I think these iPhone apps are in the same ballpark as arrangers, in a way.
Are you really MAKING music, or are you simply finding complicated ways to play back music that someone else has already made? This also folds back on the other thread we had recently... what exactly IS a 'musician'? Does playing the radio make you a musician? I mean, you turn it on, and out comes music! So, doesn't than make you a musician?
The iPhone thing. You shake it, out comes music! Guess that makes it a musical instrument, and you a musician, doesn't it?
But, by extension, think about this. You turn on your arranger, cue up an intro, and hit the C note. Out comes music! But are YOU being a musician, at this point, any more than someone turning on the radio? Sure, get past the intro, then you can play a melody. But consider this. Your melody is ONE note at a time. The accompaniment, the thing that takes maybe one finger to produce, is dozens upon dozens of notes that you had absolutely nothing to do with (or at least, most of you!). Are you still playing the radio? And whistling along with it? Or are you making music..?
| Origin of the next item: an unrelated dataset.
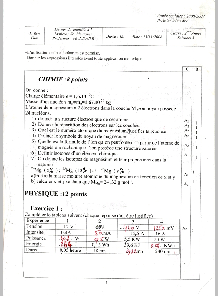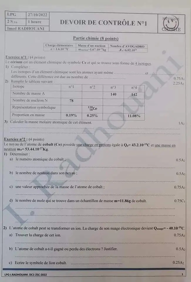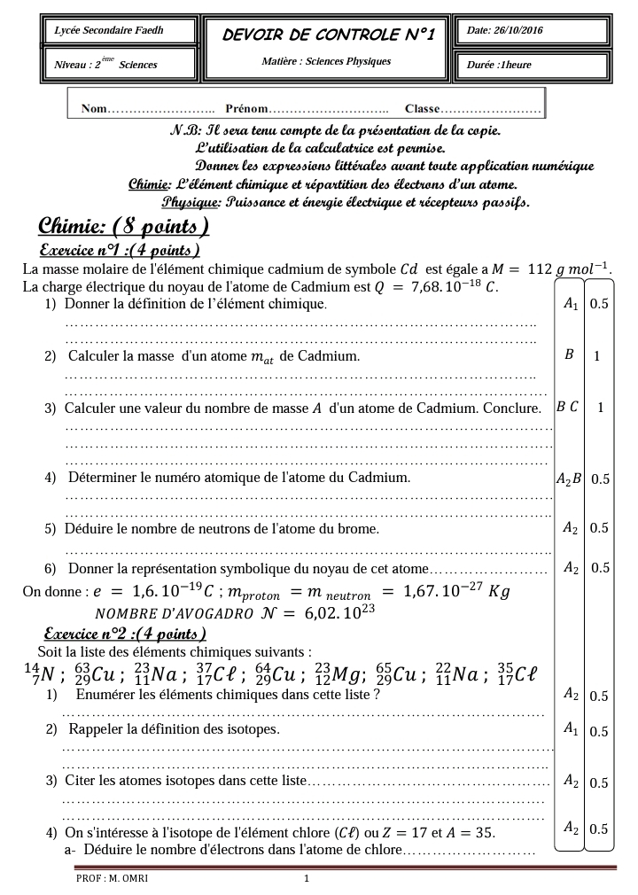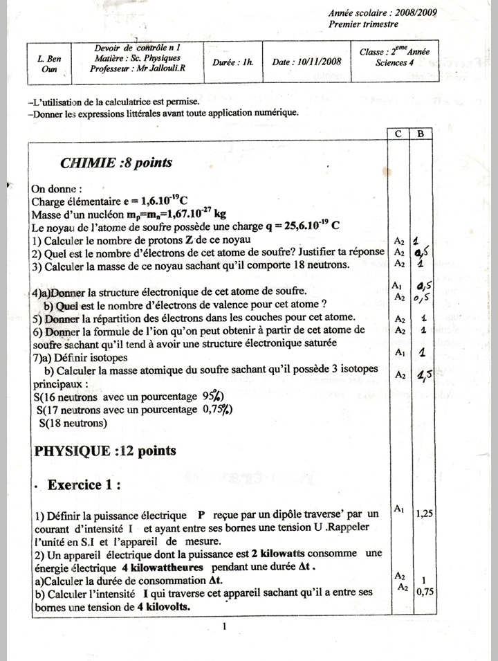 dvr control 1 de phy chimie physique

The line gets blurrier and blurrier, more ill defined day by day. Once upon a time, every single note that the audience heard, they KNEW it was made by the people on stage they were looking at. Now, it's a whole different game. Some guy in London or Tokyo or Florence played 90% of what they are listening to. But we take the credit for it. Are we much better than a guy waving a PDA around, 'claiming' he is making music?